INPUT FOR THIS TASK —
=== Begin Enclosure ===
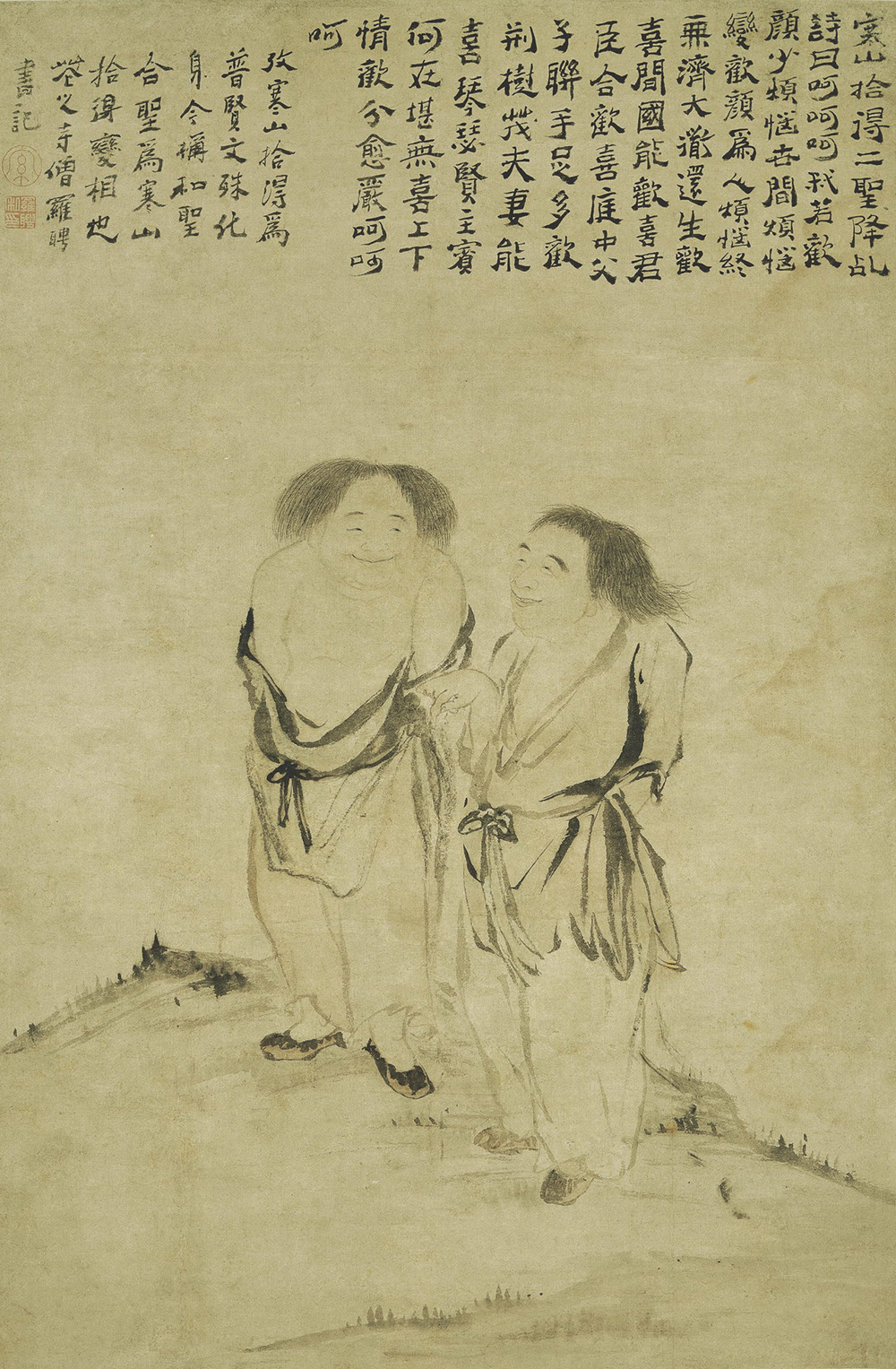 此幅绘寒山、拾得二人立于山岗之上,谈笑风生,皆作世俗之态而深具禅意。
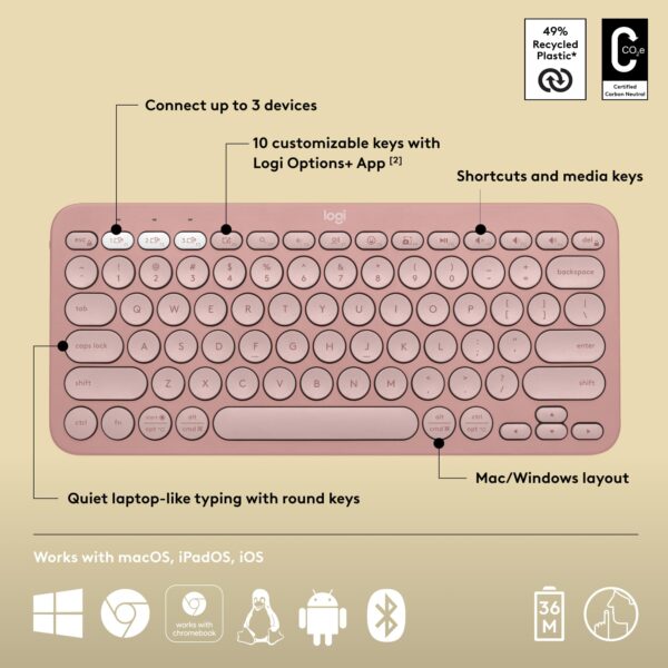 Logitech Pebble Keys 2 K380s, Multi-Device Bluetooth Wireless Keyboard with Customisable Shortcuts, Slim and Portable, Easy-Switch for Windows, macOS, iPadOS, Android, Chrome OS – Tonal Rose
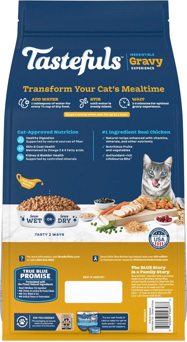 Blue Buffalo Tastefuls Irresistible Gravy Experience Chicken & Brown Rice Recipe Dry Cat Food, 7-lb bag
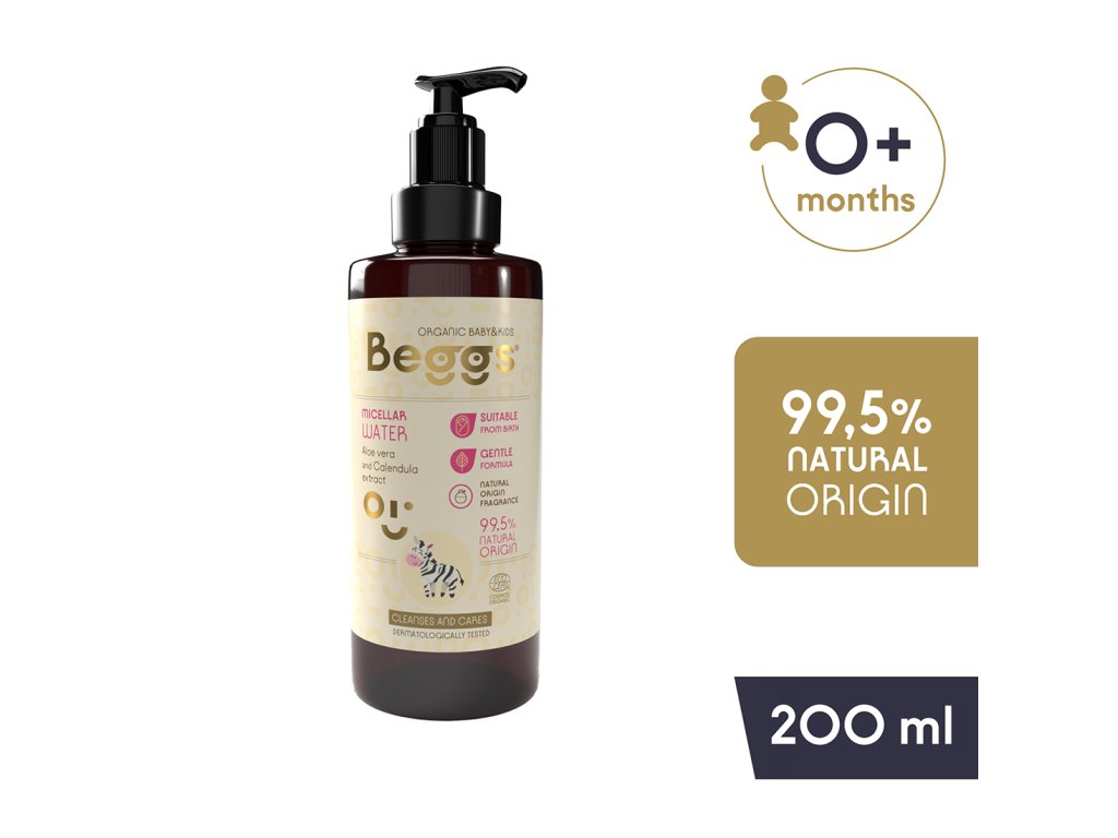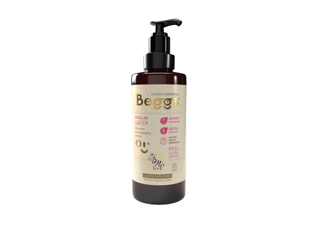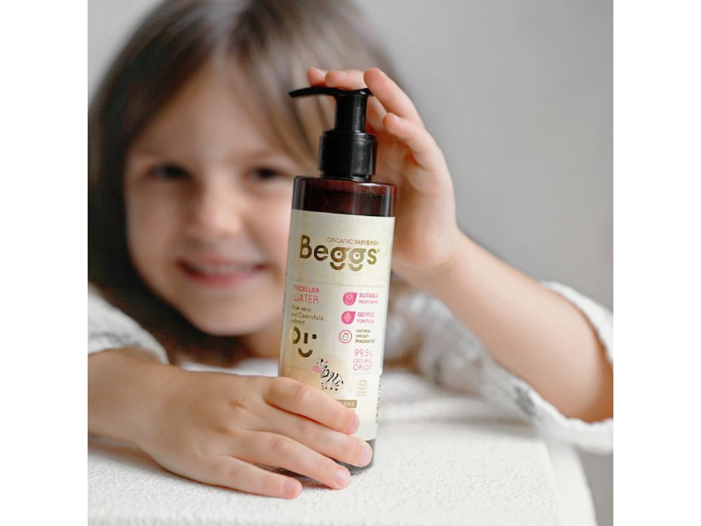 Beggs Dětská micelární voda je vhodná k očištění pokožky celého těla, obličeje, ale i plenkové oblasti. Obsahuje aloe vera šťávu, která podporuje hydrataci pokožky, vyživuje ji a chrání. Dále obsahuje extrakt z květu měsíčku lékařského, který má zjemňující a zvláčňující účinky. Obě složky pochází z kontrolovaného ekologického zemědělství (BIO) a 99,5 % složek v balení je přírodního původu. Voda krásně voní, neoplachuje se a nezanechává lepkavé stopy. Proto je vhodná například i při cestování s dětmi.
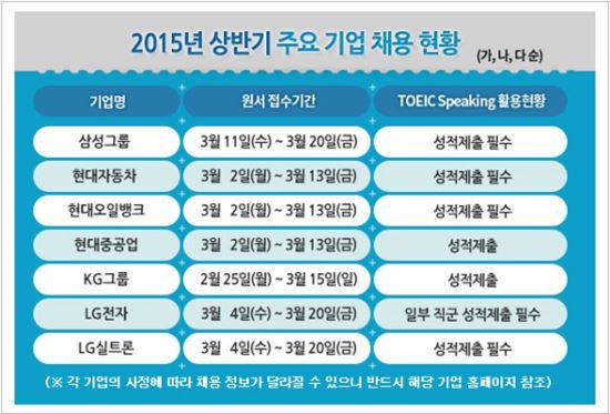 국내 토익 스피킹 주관사인 YBM 한국TOEIC위원회는 최근 발표된 주요 기업의 채용 일정에 맞춰 취업 준비생들이 적시에 토익 스피킹 점수를 취득할 수 있도록 기존 일정에 더해 오는 11일(수)과 18일(수) 평일 시험을 추가 개설한다고 전했다.
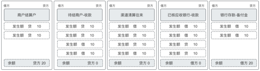 从图中可以看出来,此时待结算商户20元,与渠道清算成功,应收渠道20元,商户结算户和银行存款户还没有余额。
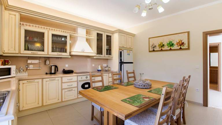 Die Villa mit Klimaanlage besteht aus 3 Schlafzimmern und einem Wohnzimmer. Eine voll ausgestattete Küche mit Kühlschrank und Kaffeemaschine sowie 2 Badezimmer mit Dusche und Whirlpool sorgen für Bequemlichkeit. Handtücher und Bettwäsche werden bereitgestellt.
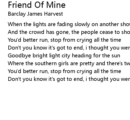 | Don't you know it's got to end, i thought you were a friend of mine | |
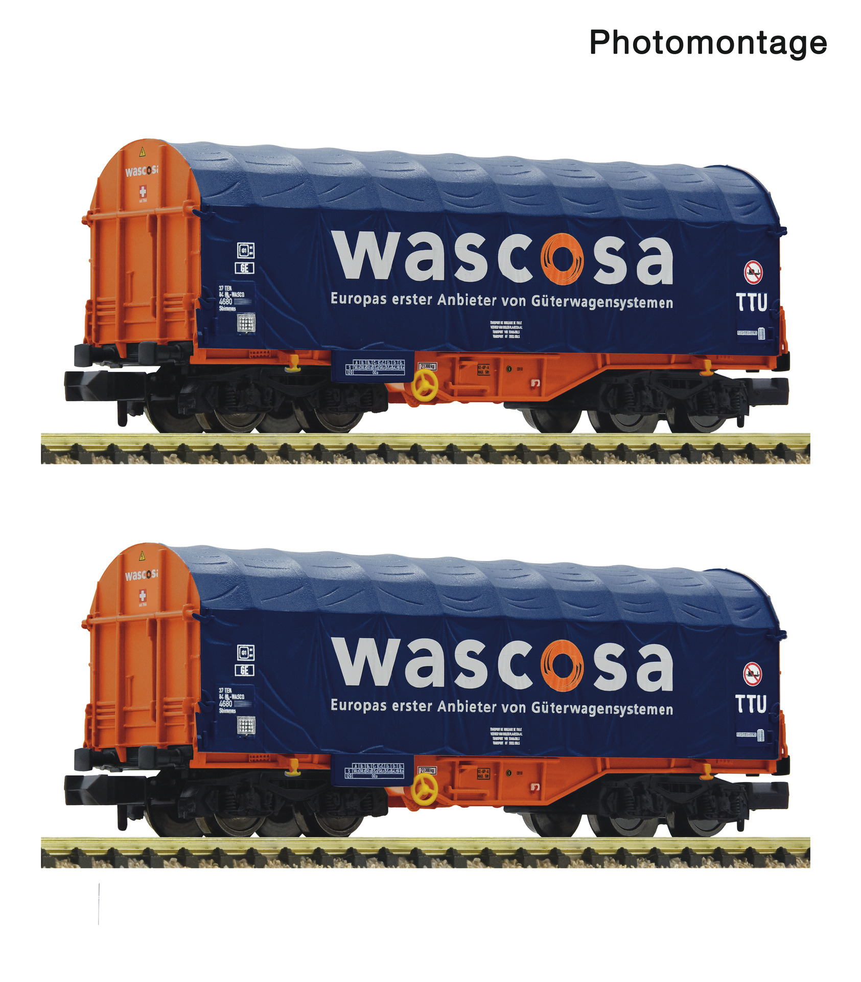 Wagenset bestehend aus zwei Schiebeplanenwagen, Gattung Shimmns, der Wascosa.
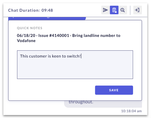 In Desk: During the conversation, click on the Notes icon at the top of the center panel. The issue ID is next to the date. The issue ID is also in the Left Hand Panel and End Chat modal window.
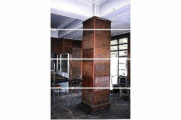 特徴 | 社交室内壁の木部仕上げには桜の合板が採用された。同潤会の江戸川アパートメントにおける先進性への取り組みは、この「狂わない、暴れない木材」としての新建材を用いるところにもよく現れている。仕様書には「羽目板は北海桜材合板とし、柱形の部分は厚一寸、他は厚五分、いずれも五枚矧ぎ以上のものとし、隙間なき様取り付くべし」とある。 |
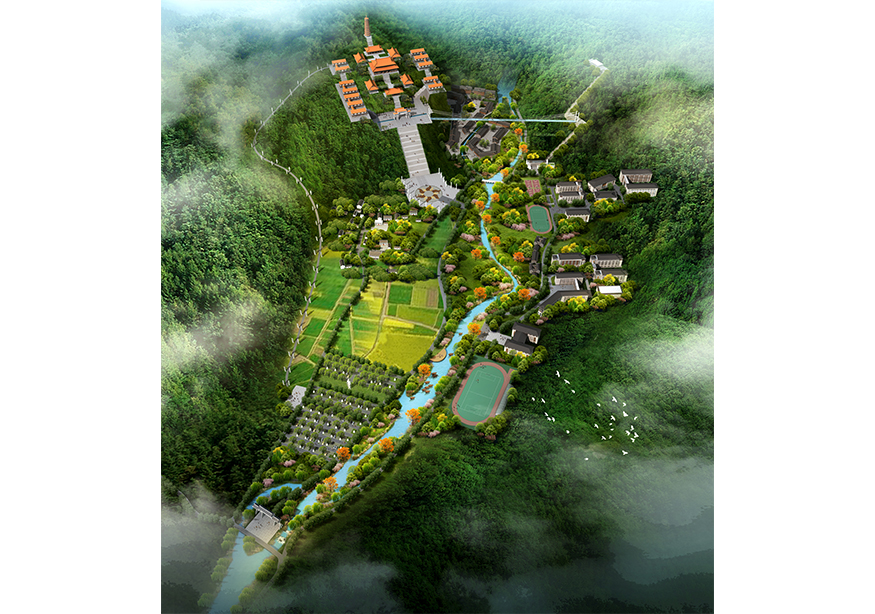 駐馬店忠國寺項目選址位于河南省駐馬店市,距離市區(qū)約50公里,占地面積共約30000畝,總建筑面積約8萬方。用地現(xiàn)狀自然分光、地形地貌獨特,且風水極佳,背有高山、前有流水、位于山谷之中,藏風聚氣。整個項目圍繞忠國寺以“禪行”文化展開設計,規(guī)劃有六大板塊,包含忠國寺寺廟區(qū)、衡水中學駐馬店分校、文武學校、養(yǎng)生素齋館、精品民宿區(qū)、北影影視基地。同時項目含有萬佛大道、景觀索道、玻璃通天橋、聯(lián)姻橋、水上樂園等交通、旅游方面配套設施。
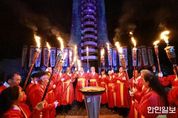 한민일보 서울포커스 김은금 기자 | 창녕군은 17일, 군청 광장에서 ‘제65회 경상남도민체육대회’의 성공을 기원하는 성화 맞이 및 봉송 출발 행사를 개최하며 축제의 서막을 올렸다. 이날 행사에는 심상철 군수 권한대행과 홍성두 군의회 의장을 비롯해, 도·군의원, 군 체육회장, 성화 주자 및 지역 주민 등 200여 명이 참석해 도민체전의 시작을 알리는 ‘화합의 불꽃’을 함께 맞이했다. 특히 창녕읍 풍물패의 신명 나는 풍물놀이와 팝페라 공연으로 분위기를 고조시켰으며, 김해 구지봉에서 채화된 성화가 군청 광장에 도착하자 참석자들은 뜨거운 환호와 박수로 성화를 반겼다. 성화는 창녕읍을 시작으로 14개 읍·면 전역을 순회하며, 각 읍·면별 7명씩, 총 98명의 주자가 지역 곳곳에 희망과 화합의 메시지를 전달한 뒤, 개회식이 열리는 함안군 공설운동장으로 향했다. 심상철 권한대행은 “성화 봉송에 함께해 주신 주자들과 군민 여러분께 진심으로 감사드리며, 98명의 주자 모두가 안전하게 봉송을 마치고, 이번 도민체전이 330만 도민이 하나로 뭉치는 화합의 장이 되기를 바란다”고 말했다. 한편, 경남
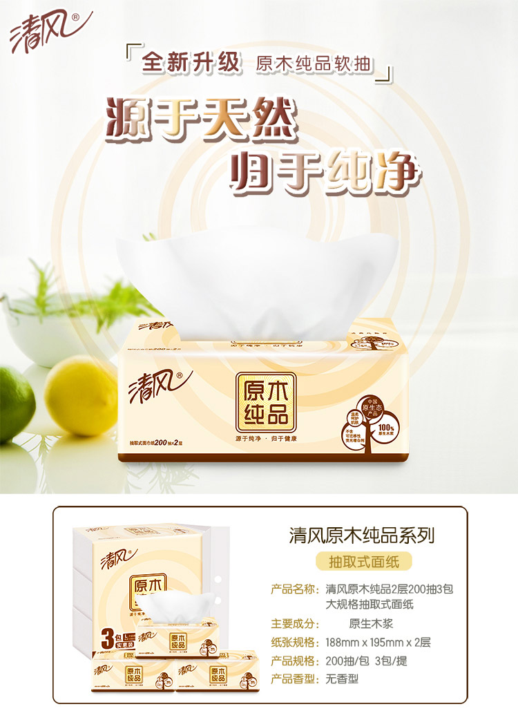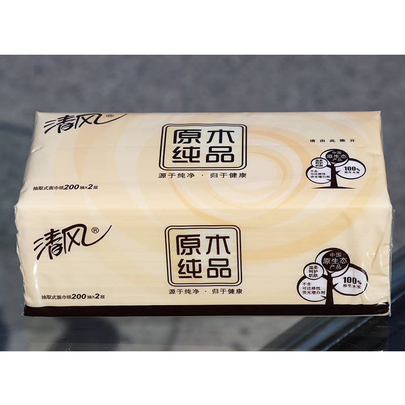 - 商品名称:清风 BR38LC1S双层原木大规格塑包面纸-200抽
=== End Enclosure ===
WHAT THE TASK ASKS — The result should be every entry, word for word, and no pictures.

EXERCISE RESULT —
 此幅绘寒山、拾得二人立于山岗之上,谈笑风生,皆作世俗之态而深具禅意。
 Logitech Pebble Keys 2 K380s, Multi-Device Bluetooth Wireless Keyboard with Customisable Shortcuts, Slim and Portable, Easy-Switch for Windows, macOS, iPadOS, Android, Chrome OS – Tonal Rose
 Blue Buffalo Tastefuls Irresistible Gravy Experience Chicken & Brown Rice Recipe Dry Cat Food, 7-lb bag
 Beggs Dětská micelární voda je vhodná k očištění pokožky celého těla, obličeje, ale i plenkové oblasti. Obsahuje aloe vera šťávu, která podporuje hydrataci pokožky, vyživuje ji a chrání. Dále obsahuje extrakt z květu měsíčku lékařského, který má zjemňující a zvláčňující účinky. Obě složky pochází z kontrolovaného ekologického zemědělství (BIO) a 99,5 % složek v balení je přírodního původu. Voda krásně voní, neoplachuje se a nezanechává lepkavé stopy. Proto je vhodná například i při cestování s dětmi.
 국내 토익 스피킹 주관사인 YBM 한국TOEIC위원회는 최근 발표된 주요 기업의 채용 일정에 맞춰 취업 준비생들이 적시에 토익 스피킹 점수를 취득할 수 있도록 기존 일정에 더해 오는 11일(수)과 18일(수) 평일 시험을 추가 개설한다고 전했다.
 从图中可以看出来,此时待结算商户20元,与渠道清算成功,应收渠道20元,商户结算户和银行存款户还没有余额。
 Die Villa mit Klimaanlage besteht aus 3 Schlafzimmern und einem Wohnzimmer. Eine voll ausgestattete Küche mit Kühlschrank und Kaffeemaschine sowie 2 Badezimmer mit Dusche und Whirlpool sorgen für Bequemlichkeit. Handtücher und Bettwäsche werden bereitgestellt.
 | Don't you know it's got to end, i thought you were a friend of mine | |
 Wagenset bestehend aus zwei Schiebeplanenwagen, Gattung Shimmns, der Wascosa.
 In Desk: During the conversation, click on the Notes icon at the top of the center panel. The issue ID is next to the date. The issue ID is also in the Left Hand Panel and End Chat modal window.
 特徴 | 社交室内壁の木部仕上げには桜の合板が採用された。同潤会の江戸川アパートメントにおける先進性への取り組みは、この「狂わない、暴れない木材」としての新建材を用いるところにもよく現れている。仕様書には「羽目板は北海桜材合板とし、柱形の部分は厚一寸、他は厚五分、いずれも五枚矧ぎ以上のものとし、隙間なき様取り付くべし」とある。 |
 駐馬店忠國寺項目選址位于河南省駐馬店市,距離市區(qū)約50公里,占地面積共約30000畝,總建筑面積約8萬方。用地現(xiàn)狀自然分光、地形地貌獨特,且風水極佳,背有高山、前有流水、位于山谷之中,藏風聚氣。整個項目圍繞忠國寺以“禪行”文化展開設計,規(guī)劃有六大板塊,包含忠國寺寺廟區(qū)、衡水中學駐馬店分校、文武學校、養(yǎng)生素齋館、精品民宿區(qū)、北影影視基地。同時項目含有萬佛大道、景觀索道、玻璃通天橋、聯(lián)姻橋、水上樂園等交通、旅游方面配套設施。
 한민일보 서울포커스 김은금 기자 | 창녕군은 17일, 군청 광장에서 ‘제65회 경상남도민체육대회’의 성공을 기원하는 성화 맞이 및 봉송 출발 행사를 개최하며 축제의 서막을 올렸다. 이날 행사에는 심상철 군수 권한대행과 홍성두 군의회 의장을 비롯해, 도·군의원, 군 체육회장, 성화 주자 및 지역 주민 등 200여 명이 참석해 도민체전의 시작을 알리는 ‘화합의 불꽃’을 함께 맞이했다. 특히 창녕읍 풍물패의 신명 나는 풍물놀이와 팝페라 공연으로 분위기를 고조시켰으며, 김해 구지봉에서 채화된 성화가 군청 광장에 도착하자 참석자들은 뜨거운 환호와 박수로 성화를 반겼다. 성화는 창녕읍을 시작으로 14개 읍·면 전역을 순회하며, 각 읍·면별 7명씩, 총 98명의 주자가 지역 곳곳에 희망과 화합의 메시지를 전달한 뒤, 개회식이 열리는 함안군 공설운동장으로 향했다. 심상철 권한대행은 “성화 봉송에 함께해 주신 주자들과 군민 여러분께 진심으로 감사드리며, 98명의 주자 모두가 안전하게 봉송을 마치고, 이번 도민체전이 330만 도민이 하나로 뭉치는 화합의 장이 되기를 바란다”고 말했다. 한편, 경남
 - 商品名称:清风 BR38LC1S双层原木大规格塑包面纸-200抽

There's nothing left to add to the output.